Now to what we are all here for, art. I hope you all remember the lessons from mixing flesh tones part one, because here is part two. If you remember the mixture I told you to start with as your base, these pictures will help. I did have one problem though. It had been 2 years since I mixed up the base color, so it is a little off. I needed to add more yellow ochre to the mix. So what i did was add it to side of the palette and added it to the mixes as I used it. I am sure that you will that you will have the same problem from time to time. Luckily I made the chart below from the last oil painting I did 2 years ago, if you click on it and enlarge and print it, it is the exact the way the paints should look after the mix. I also added sap green, yellow ochre and orange.

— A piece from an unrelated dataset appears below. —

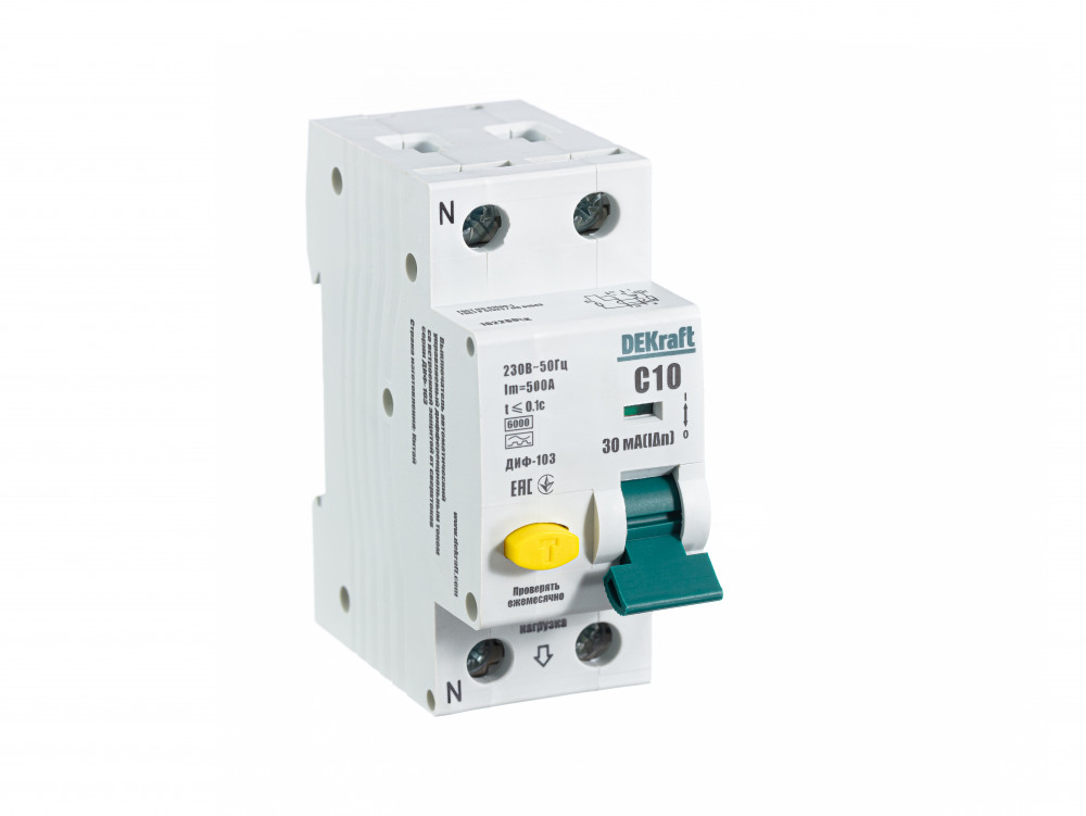 Дифавтомат DEKraft ДИФ-103 1P+N 10А ( C ) 6 кА, 30 мА ( A ), 16228DEK - это электрическое устройство, которое сочетает в себе функции автоматического выключателя и дифференциального тока. Он предназначен для защиты электрических цепей от перегрузки и короткого замыкания, а также обеспечивает защиту от утечки тока.Дифавтомат имеет однополюсную конструкцию с возможностью подключения нулевого провода. Его номинальный ток составляет 10А, а максимальный ток короткого замыкания - 6 кА. Дифавтомат также обладает дифференциальной чувствительностью в 30 мА.

The first 2 lines are the actually flesh colors. Put your hand beside the chart, and you will be able to find these colors in your skin. The next series of pictures are how I mixed the colors and made them to the value scale. I am sorry that the pic's are a little fuzzy, but you still can get the ideal.
The colors I added are orange, sap green, red, blue and a neutral gray. It the second picture you can see where I was mixing colors on the pallet, basically adding yellow ochre to the flesh tones as I went. The next picture is the painting still in progress, but it will give you an ideal of how the colors work together to make flesh.
There are still a lot of things to finish on the painting, so please don't be judgemental until I am done which I am hoping will be this week. Depends on how the week goes.
The only time you ever use pure white, and I prefer zinc white is for the gleam in the eye or on a tooth and there are times that you want to use a black, then use Payne's gray. It is as black as black but will not muddy up your other colors when you blend, other wise use the dark I thought you last week for your flesh tones.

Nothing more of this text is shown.